*** Opening of Source data ***

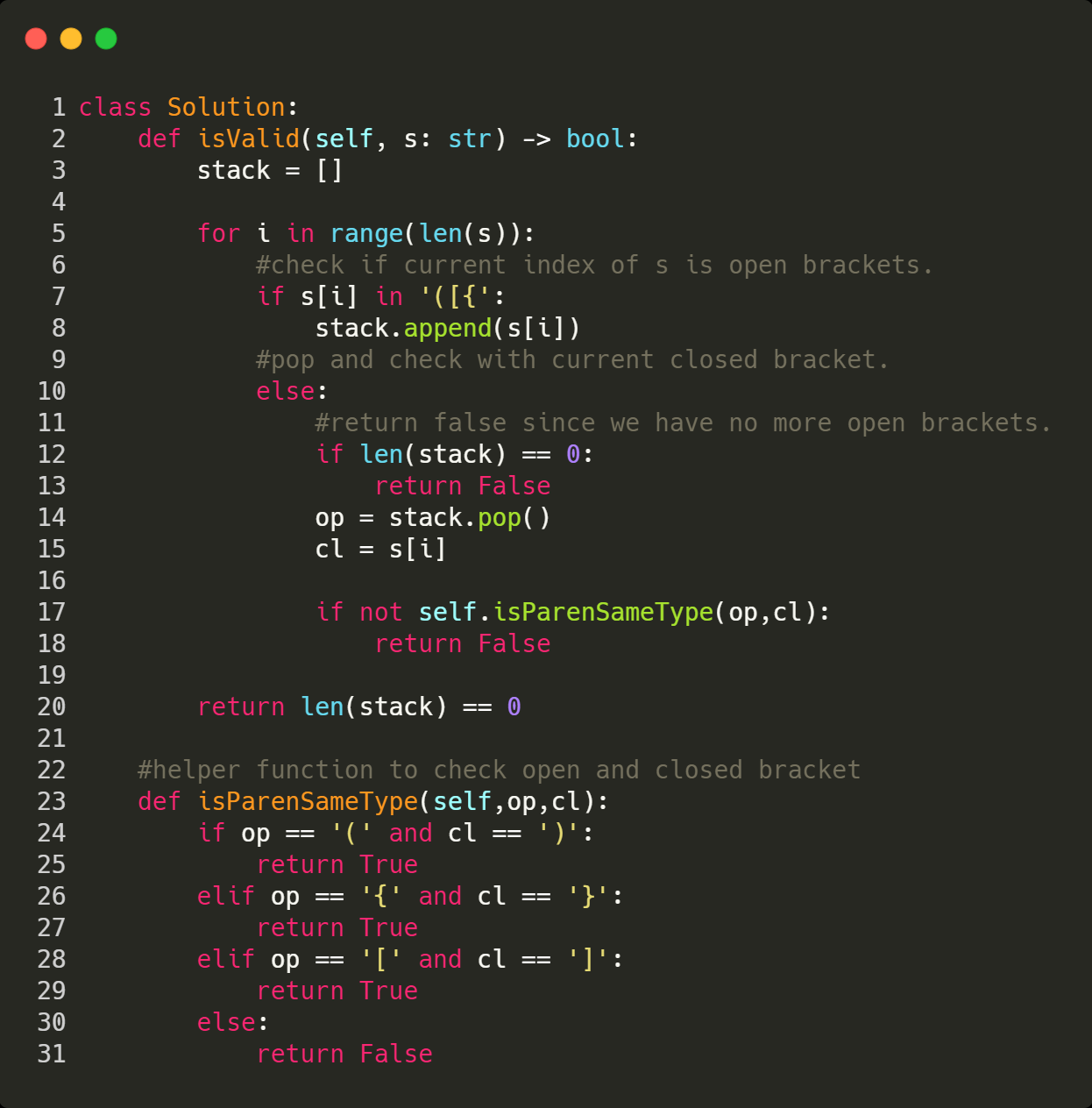 2. Otherwise, we pop from the stack and compare it with the current closed bracket. (If match, keep continue, otherwise return False)
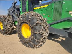A/C, air ride seat, joystick steering, 2 position station, 17.5 sq ft grapple, positive air shutoff, Espar engine heater, cab screens, sweeps, 116" front decking blade, extended fuel tank, 35.5-32 Firestone forestry tires with chains
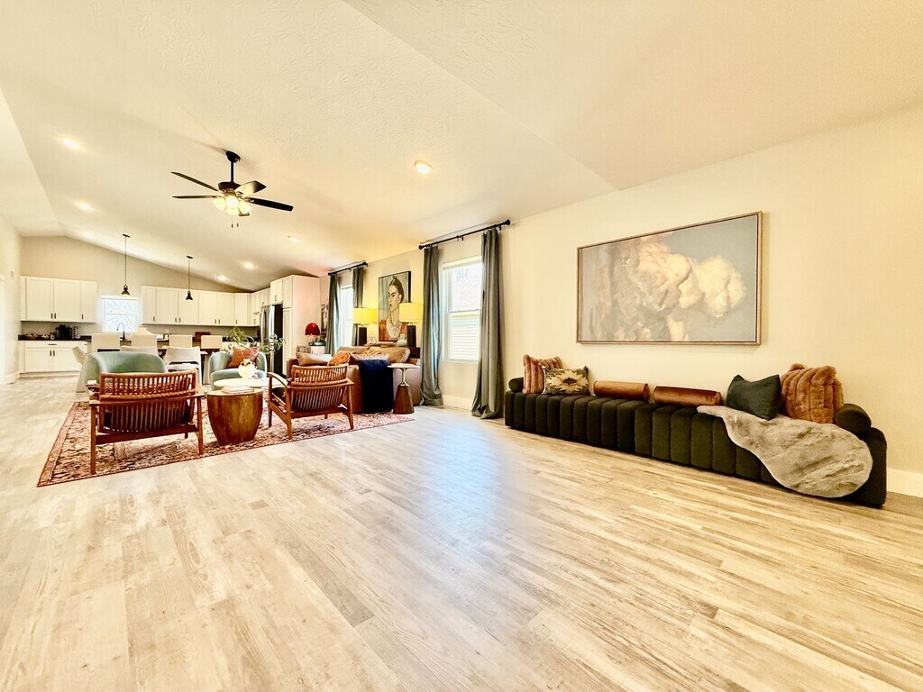 Welcome to West Chester, Ohio; a true hidden gem located in Butler County! Enjoy a scenic day in this beautiful town, full of heart. Our home is brand new and has so much to offer! A blend of comfort, style, and convenience greets you as soon as you enter our newly built ranch home. While decorating this inviting retreat, we have worked hard to create a home away from home feeling for our guests. The open-concept floor plan in the living space allows room for many guests. Everyone in your group will have room to mingle and relax. The living area is the home's heartbeat, successfully combining the relaxing living room with an inviting dining area and a fully equipped kitchen. Large windows allow plenty of natural light to illuminate the space throughout the day. The new carpet, laminate flooring, and tasteful décor create a feeling of warmth and coziness. Five comfortable bedrooms are designed to offer all the rest you need after a long day of exploring the exciting city of West Chester. The home offers relaxation and comfort, and we can't wait for you to experience it for yourself. ? LIVING ROOM ? The living room is a part of the contemporary open floor plan. See what the chef is up to, help them set the table, or unwind on the cozy sofa with a good book. ? Comfortable Leather Sofa ? 75 Inch Smart TV ? Coffee Tables ? Reading Lamps ? KITCHEN & DINING ? Even the most demanding chefs would enjoy preparing delicious meals using numerous state-of-the-art cooking appliances. In addition, spacious countertops provide plenty of workspaces for you to prepare delicious homemade delicacies. ? Microwave ? Stove ? Oven ? Toaster ? Refrigerator/Freezer ? Keurig Coffee Maker ? Dishwasher ? Sink - Hot & Cold Water ? Trays ? Glasses ? Silverware ? Pots & Pans Serve those delicious meals on the adjacent dining table and let the smell of freshly cooked homemade delicacies invite everyone over for a tasty feast. If you don't feel like cooking, you can always check out one of the many nearby restaurants in the area. ? Dining Table with Seating for 6 ? SLEEPING ARRANGEMENTS - 5 BEDROOMS ? Three tastefully furnished bedrooms are designed to provide hotel-like comfort and convenience needed to relax and rest so you can remain energized and do everything you have planned the next day. ? Master Bedroom: King-Size Bed, Ensuite Bathroom ? Bedroom 2: Queen-Size Bed ? Bedroom 3: King-Size Bed ? Bedroom 4: Queen-Size Bed ? Bedroom 5: Queen-Size Bed All bedrooms are equipped with a similar set of amenities. ? Premium Pillows, Linens, and Sheets ? Closets with Hangers and Shelves ? Dressers with Spacious Drawers ? Night Stands with Reading Lights ? 55-inch Smart TV in all bedrooms ? BATHROOMS ? As you already know, the master bedroom features an ensuite bath. Another full bathroom caters to the additional bedroom and the living area on the main floor. Another full bathroom in the lower level which caters to the three bedrooms and family area. You don't have to worry about packing towels or essential toiletries, as we have already prepared these for you. ? Bathtub with a Shower ? Vanity ? Mirror ? Toilet ? Towels ? Hair Dryer ? Essential Toiletries Let us know if you have any questions regarding this beautiful home. We are more than happy to assist!
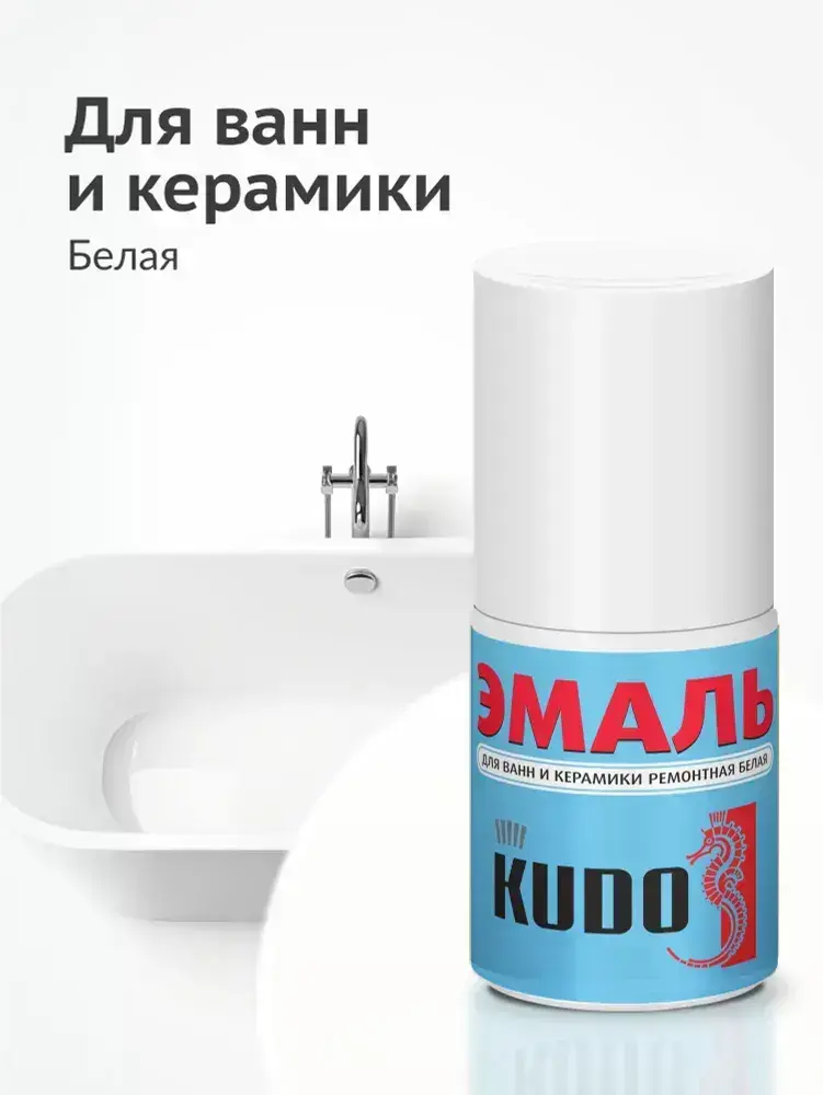 Эмаль KUDO "Краска для реставрации ванн и керамики", флакон с кисточкой для подкраски сколов, алкидная, 15 мл, белый глянцевый KU-7K1301
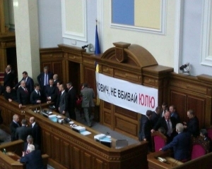 Бютовцы повесили в президиуме ВР плакат "Янукович, не убивай Юлю". На своих местах они разместили плакат "Нет - политическим репрессиям! Украине - свободу!" с изображением экс-премьера.
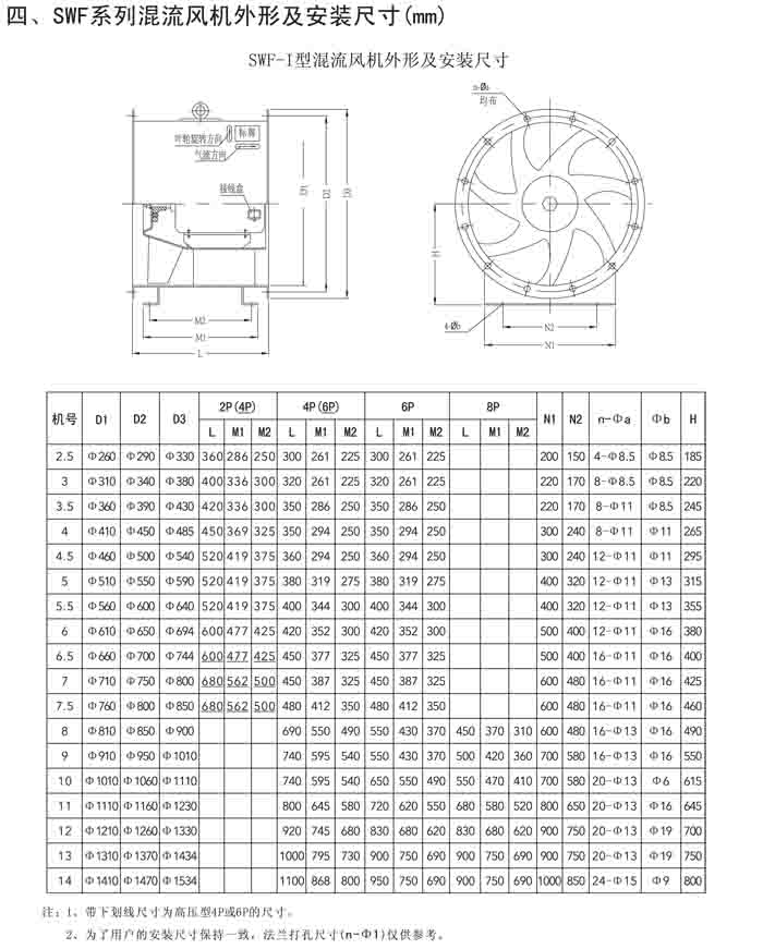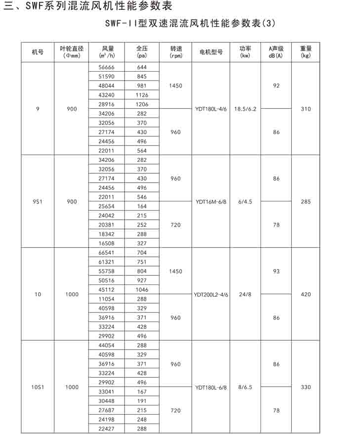三、SWF-IV(HL3-2A)、HTF-PY(PYHL-14A)系列節(jié)能混流風(fēng)機(jī)

*** Close of Source data ***

■ **Task requirements**
Print all entries exactly; skip the pictures.

■ **Written reply**
 2. Otherwise, we pop from the stack and compare it with the current closed bracket. (If match, keep continue, otherwise return False)
A/C, air ride seat, joystick steering, 2 position station, 17.5 sq ft grapple, positive air shutoff, Espar engine heater, cab screens, sweeps, 116" front decking blade, extended fuel tank, 35.5-32 Firestone forestry tires with chains
 Welcome to West Chester, Ohio; a true hidden gem located in Butler County! Enjoy a scenic day in this beautiful town, full of heart. Our home is brand new and has so much to offer! A blend of comfort, style, and convenience greets you as soon as you enter our newly built ranch home. While decorating this inviting retreat, we have worked hard to create a home away from home feeling for our guests. The open-concept floor plan in the living space allows room for many guests. Everyone in your group will have room to mingle and relax. The living area is the home's heartbeat, successfully combining the relaxing living room with an inviting dining area and a fully equipped kitchen. Large windows allow plenty of natural light to illuminate the space throughout the day. The new carpet, laminate flooring, and tasteful décor create a feeling of warmth and coziness. Five comfortable bedrooms are designed to offer all the rest you need after a long day of exploring the exciting city of West Chester. The home offers relaxation and comfort, and we can't wait for you to experience it for yourself. ? LIVING ROOM ? The living room is a part of the contemporary open floor plan. See what the chef is up to, help them set the table, or unwind on the cozy sofa with a good book. ? Comfortable Leather Sofa ? 75 Inch Smart TV ? Coffee Tables ? Reading Lamps ? KITCHEN & DINING ? Even the most demanding chefs would enjoy preparing delicious meals using numerous state-of-the-art cooking appliances. In addition, spacious countertops provide plenty of workspaces for you to prepare delicious homemade delicacies. ? Microwave ? Stove ? Oven ? Toaster ? Refrigerator/Freezer ? Keurig Coffee Maker ? Dishwasher ? Sink - Hot & Cold Water ? Trays ? Glasses ? Silverware ? Pots & Pans Serve those delicious meals on the adjacent dining table and let the smell of freshly cooked homemade delicacies invite everyone over for a tasty feast. If you don't feel like cooking, you can always check out one of the many nearby restaurants in the area. ? Dining Table with Seating for 6 ? SLEEPING ARRANGEMENTS - 5 BEDROOMS ? Three tastefully furnished bedrooms are designed to provide hotel-like comfort and convenience needed to relax and rest so you can remain energized and do everything you have planned the next day. ? Master Bedroom: King-Size Bed, Ensuite Bathroom ? Bedroom 2: Queen-Size Bed ? Bedroom 3: King-Size Bed ? Bedroom 4: Queen-Size Bed ? Bedroom 5: Queen-Size Bed All bedrooms are equipped with a similar set of amenities. ? Premium Pillows, Linens, and Sheets ? Closets with Hangers and Shelves ? Dressers with Spacious Drawers ? Night Stands with Reading Lights ? 55-inch Smart TV in all bedrooms ? BATHROOMS ? As you already know, the master bedroom features an ensuite bath. Another full bathroom caters to the additional bedroom and the living area on the main floor. Another full bathroom in the lower level which caters to the three bedrooms and family area. You don't have to worry about packing towels or essential toiletries, as we have already prepared these for you. ? Bathtub with a Shower ? Vanity ? Mirror ? Toilet ? Towels ? Hair Dryer ? Essential Toiletries Let us know if you have any questions regarding this beautiful home. We are more than happy to assist!
 Эмаль KUDO "Краска для реставрации ванн и керамики", флакон с кисточкой для подкраски сколов, алкидная, 15 мл, белый глянцевый KU-7K1301
 Бютовцы повесили в президиуме ВР плакат "Янукович, не убивай Юлю". На своих местах они разместили плакат "Нет - политическим репрессиям! Украине - свободу!" с изображением экс-премьера.
三、SWF-IV(HL3-2A)、HTF-PY(PYHL-14A)系列節(jié)能混流風(fēng)機(jī)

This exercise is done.